## TASK INSTRUCTIONS
Take the line with "假如您有 Red Hat" and every line after it, through the end of the listing, and give them again exactly, pictures excluded.

## DATA EXCERPT
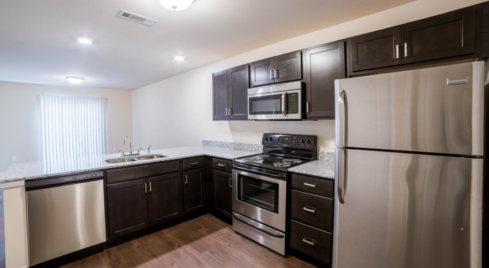 • a kitchen with stainless steel appliances
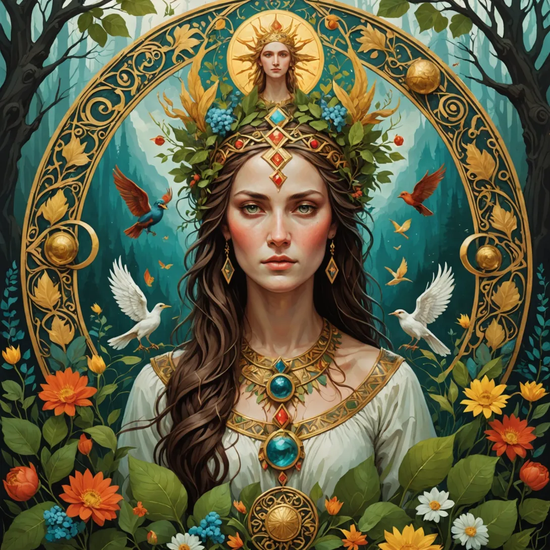 Богиня Жива — это древнеславянское божество, олицетворяющее живую природу, плодородие, весну и новую жизнь. В мифах она выступает как символ возрождения и обновления, что отражает циклы природы и смену времен года.
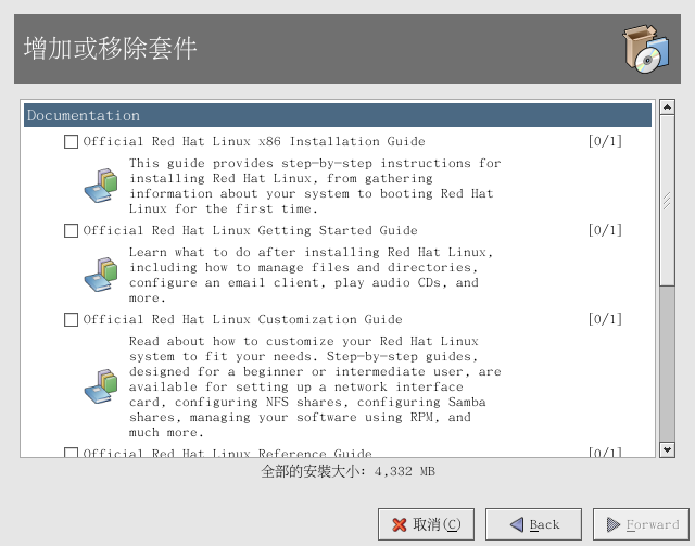 假如您有 Red Hat Linux 盒裝版,請記得瀏覽一下 Red Hat Linux 說明文件光碟。 所有 Red Hat Linux 的手冊都在這片光碟上。 您也可以在 http://www.redhat.com/docs/ 下載個別的手冊,有 HTML、RPM、PDF 以及壓縮的 tarball 格式 (.tar.gz)。 當您登入您的使用者帳號,放入說明文件光碟到光碟機中應該會啟動 套件管理工具,並讓您可以安裝任何 Red Hat Linux 的說明文件。 請遵照指示並選擇您想要安裝的說明文件。
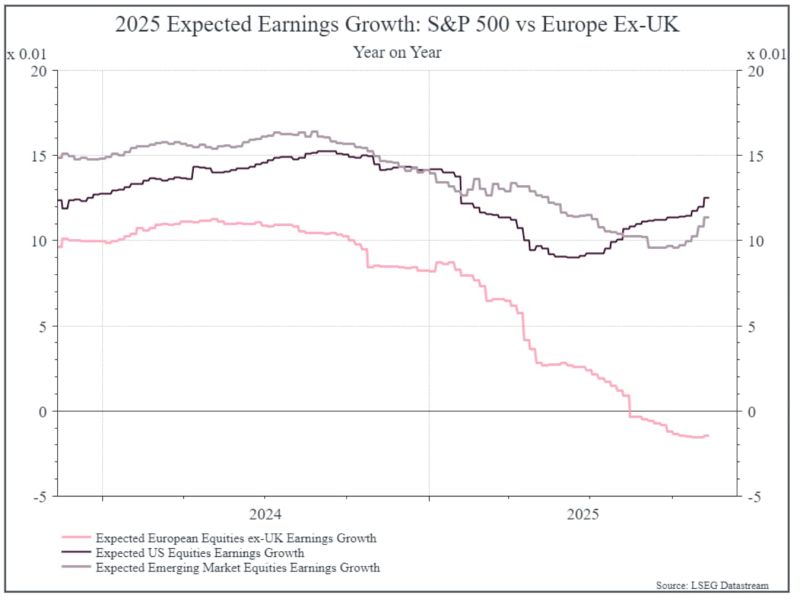Vale anche la pena ricordare che questa performance è arrivata in un periodo in cui le aspettative sugli utili in Europa sono rallentate in modo marcato. Il grafico qui sotto mostra come le attese di crescita degli utili per il 2025 siano cambiate nel tempo.

## RESPONSE BELOW
 假如您有 Red Hat Linux 盒裝版,請記得瀏覽一下 Red Hat Linux 說明文件光碟。 所有 Red Hat Linux 的手冊都在這片光碟上。 您也可以在 http://www.redhat.com/docs/ 下載個別的手冊,有 HTML、RPM、PDF 以及壓縮的 tarball 格式 (.tar.gz)。 當您登入您的使用者帳號,放入說明文件光碟到光碟機中應該會啟動 套件管理工具,並讓您可以安裝任何 Red Hat Linux 的說明文件。 請遵照指示並選擇您想要安裝的說明文件。
Vale anche la pena ricordare che questa performance è arrivata in un periodo in cui le aspettative sugli utili in Europa sono rallentate in modo marcato. Il grafico qui sotto mostra come le attese di crescita degli utili per il 2025 siano cambiate nel tempo.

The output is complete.